WORK TASK: From the line containing "Deck out your" through the last line of the entries below, print each line exactly. Pictures stay out.

PROVIDED INFORMATION:
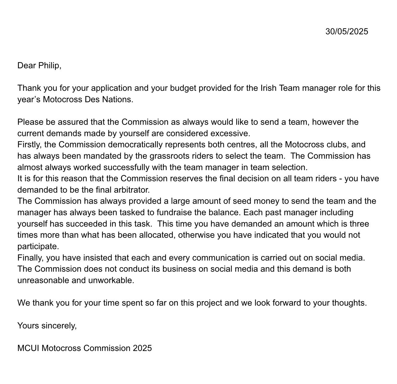 I could write a very detailed response to this (and I still may) but for now, I will leave this up to the riders, licence holders, parents and fans to come to their own conclusions on the contents of this email.
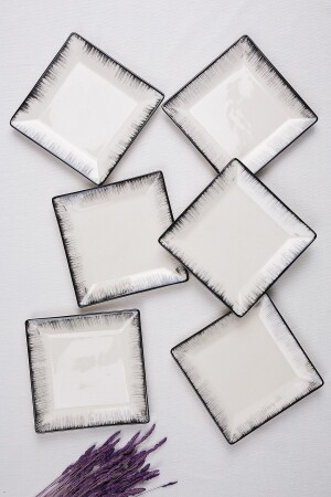 MNZ-ŞURAMUTFAK 6 قطع كعك لوحة مربع نمط أسود يد مزين 20 سم إعطاء تعليقات مصنوعة من مواد السيراميك. 6 قطع لوحة كعك 20
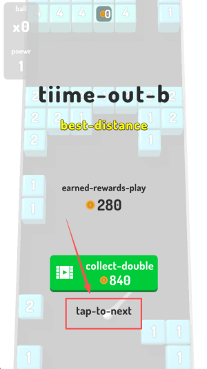 4、最后,如果游戏失败,点击“tap-to-next”按钮尝试下一关。
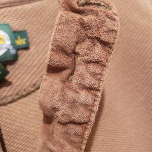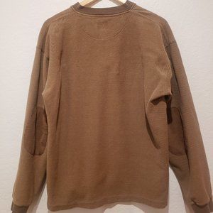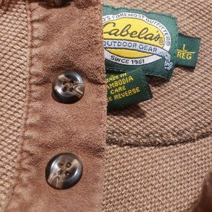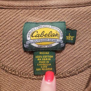 Cabelas mens long sleeve henley pullover. 100% cotton. Suede elbow patches. Heavyweight. RN 56835 P <--> P: 23.5" Shoulder: 8" Arm length: 26" Length: 26" Some noticeable wear on the suede. See photos.
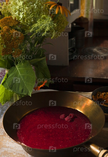 Натюрморт с домашним малиновым вареньем в медной деревенской миске и букетом садовых цветов
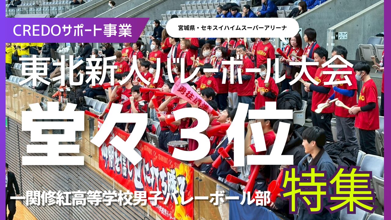 2026年2月14日こんにちは、プライベートジムCREDOです。令和8年2月9日(月)から11日(水)の3日間、宮城県・セキスイハイムスーパーアリーナにて開催された令和7年度第15回東北高等学校新人バレーボール選手権大会。CREDOがサポートする一関修紅高校男子バレーボール部が、岩手県代表として東北6県の強豪が集う大舞台で、見事第3位の成績を収めました!
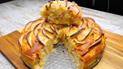🍏У вас есть 3 яблока? Показываю рецепт ЛЕНИВОГО, но очень КРАСИВОГО пирога на скорую руку! Мало теста, много яблок.
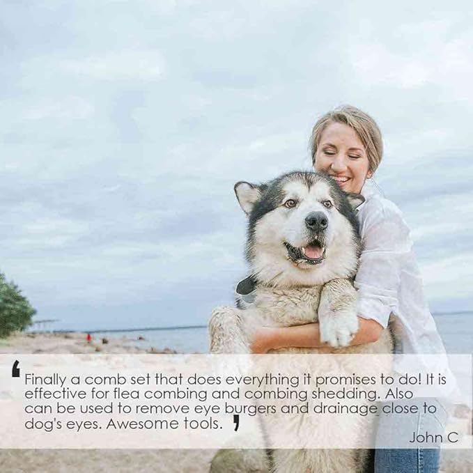 - 【THOUGHTFUL SET】Our pet grooming set includes 2 extra long-toothed combs and 2 double sides lice combs to meet different needs. Perfect for straightening out the knotted tangles hair, removing tear stain, mats, and more, as well as finishing and fluffing, easy to clean by just rinsing & keep your furry friend looking fabulous.
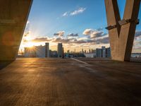 A straight view down the road in Miami Beach, Florida. The city skyline and skyscrapers rise above the urban concrete surface. The sunny dawn breaks over the cityscape, with open spaces and a parking lot. A vibrant urban design under the visible sun.
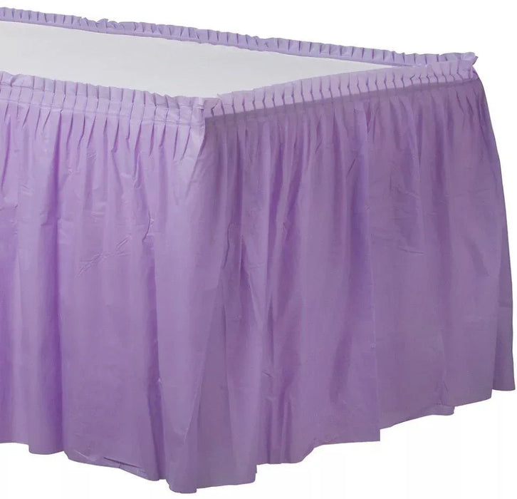 Deck out your table with a Lavender Plastic Table Skirt! This lavender table skirt is a quick and easy way to add some colorful, festive flair to your party. An adhesive backing allows you to adhere this plastic table skirt to most tables. Use it at your lavender-themed party it's also a clever way to hide extra party supplies you might be storing under your buffet tables!
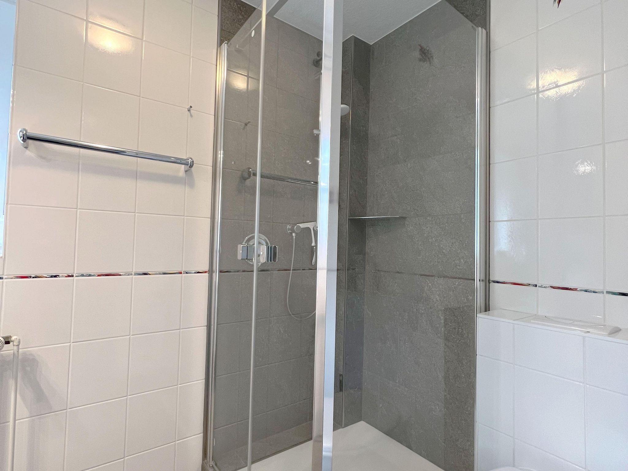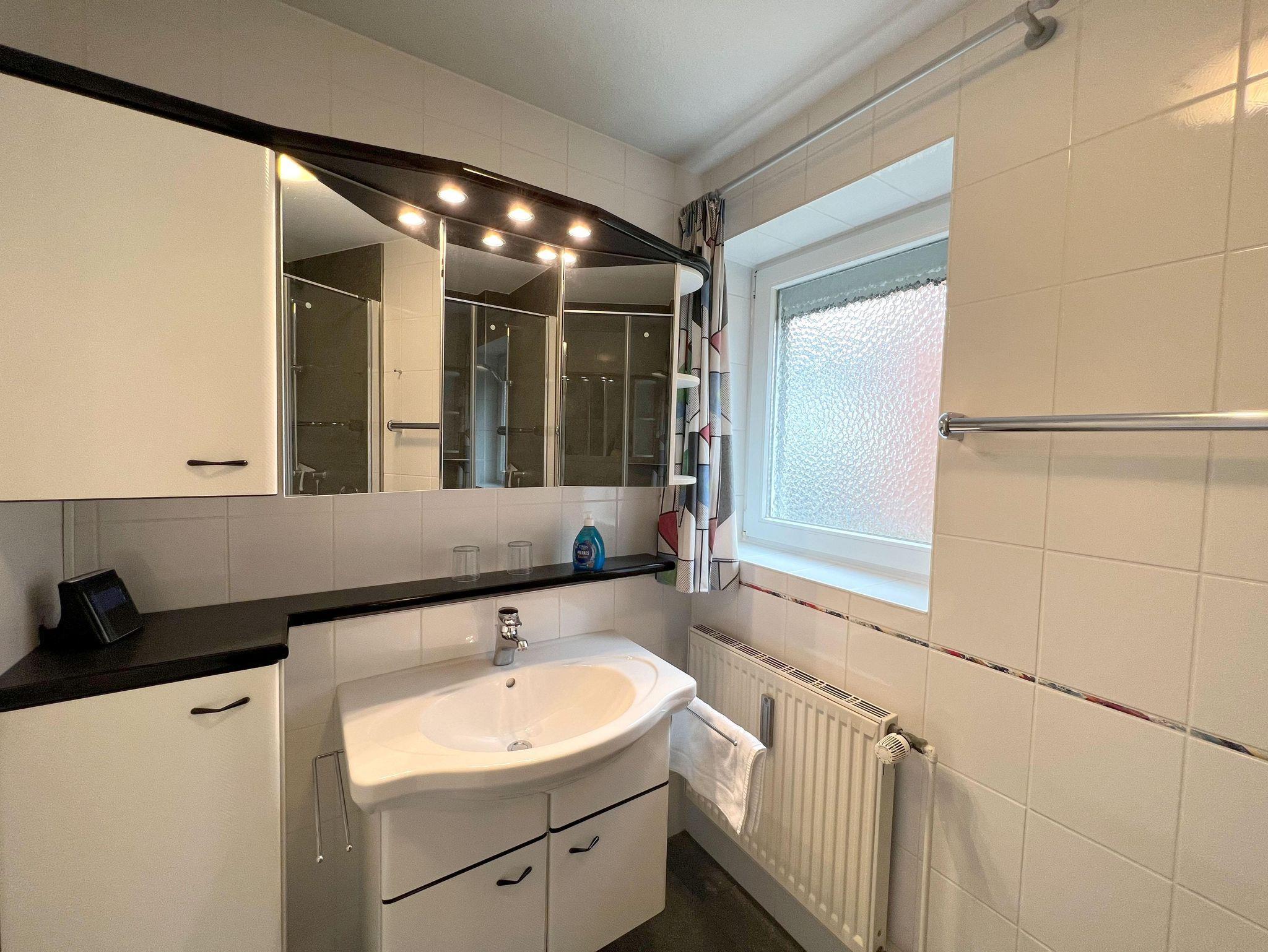 Bad: Dusche, Waschtisch, Spiegelschrank, WC, Fön, Radio, Duschkabine
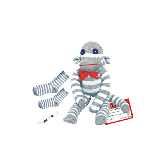 This is a plush toy in a monkey shape. The monkey is beautifully adorned with striped patterns and an eye-catching bowtie to grab your attention. A pair of socks in matching colors is included.
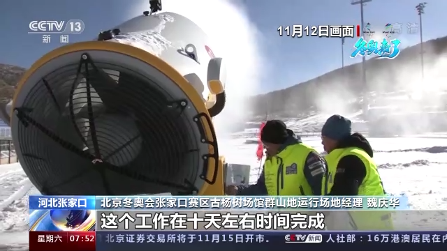 北京冬奥会张家口赛区古杨树场馆群山地运行场地经理 魏庆华:这个区域造雪的厚度要达到1米左右,而在线路赛道上,60厘米就足够了。我们首先完成是2.5公里以内的,1.5公里、1.8公里这些线路的造雪,这个工作在十天左右时间完成,剩余的场地再用一个月左右的时间完成造雪。
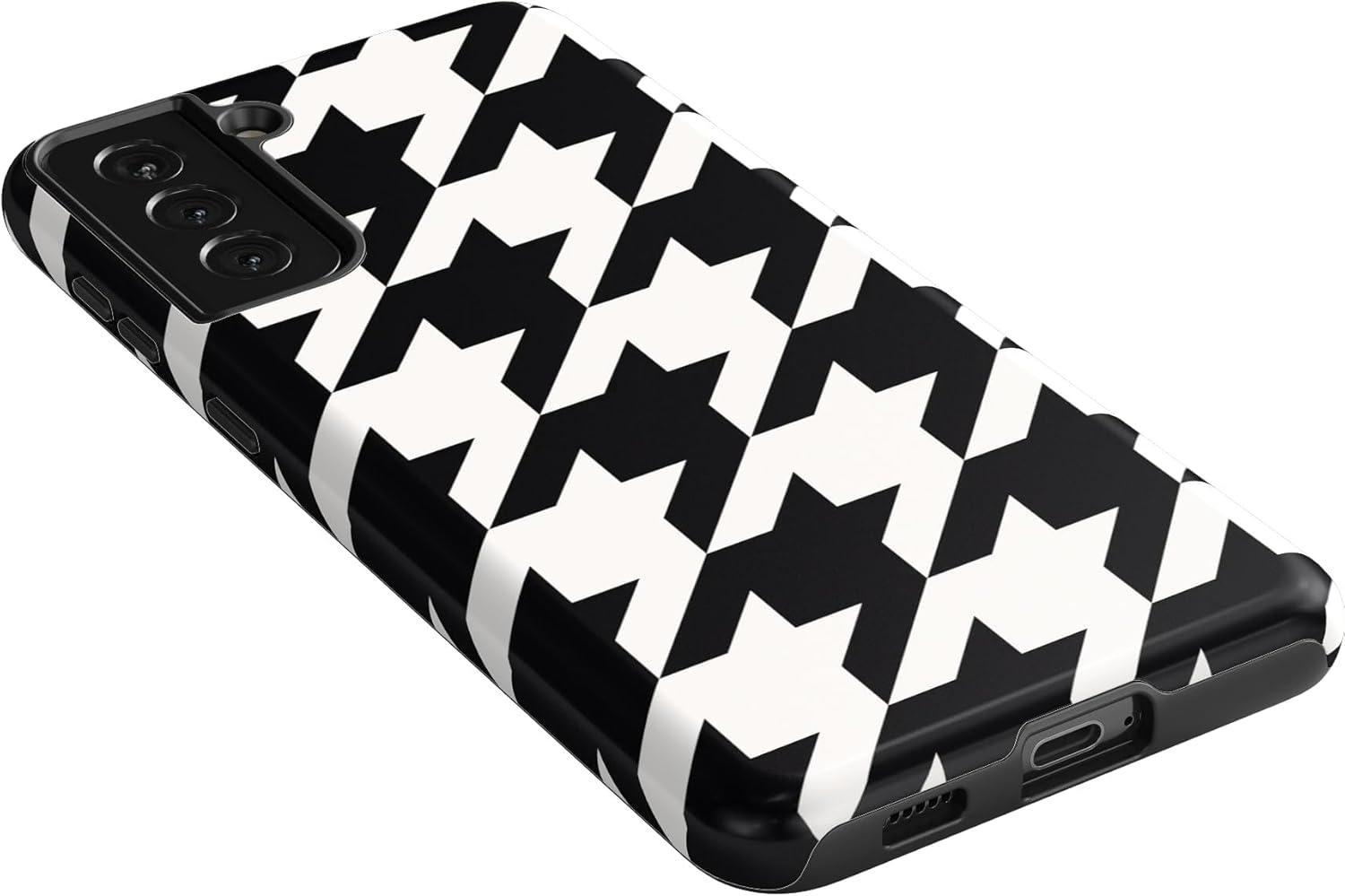 Casely Galaxy S21 Plus Case | Flower Patch | Multi-Color Floral | Essential Slim Dual-Layer Protective Design(Houndstooth | High Contrast Design)

ANSWER FOR THE TASK:
 Deck out your table with a Lavender Plastic Table Skirt! This lavender table skirt is a quick and easy way to add some colorful, festive flair to your party. An adhesive backing allows you to adhere this plastic table skirt to most tables. Use it at your lavender-themed party it's also a clever way to hide extra party supplies you might be storing under your buffet tables!
 Bad: Dusche, Waschtisch, Spiegelschrank, WC, Fön, Radio, Duschkabine
 This is a plush toy in a monkey shape. The monkey is beautifully adorned with striped patterns and an eye-catching bowtie to grab your attention. A pair of socks in matching colors is included.
 北京冬奥会张家口赛区古杨树场馆群山地运行场地经理 魏庆华:这个区域造雪的厚度要达到1米左右,而在线路赛道上,60厘米就足够了。我们首先完成是2.5公里以内的,1.5公里、1.8公里这些线路的造雪,这个工作在十天左右时间完成,剩余的场地再用一个月左右的时间完成造雪。
 Casely Galaxy S21 Plus Case | Flower Patch | Multi-Color Floral | Essential Slim Dual-Layer Protective Design(Houndstooth | High Contrast Design)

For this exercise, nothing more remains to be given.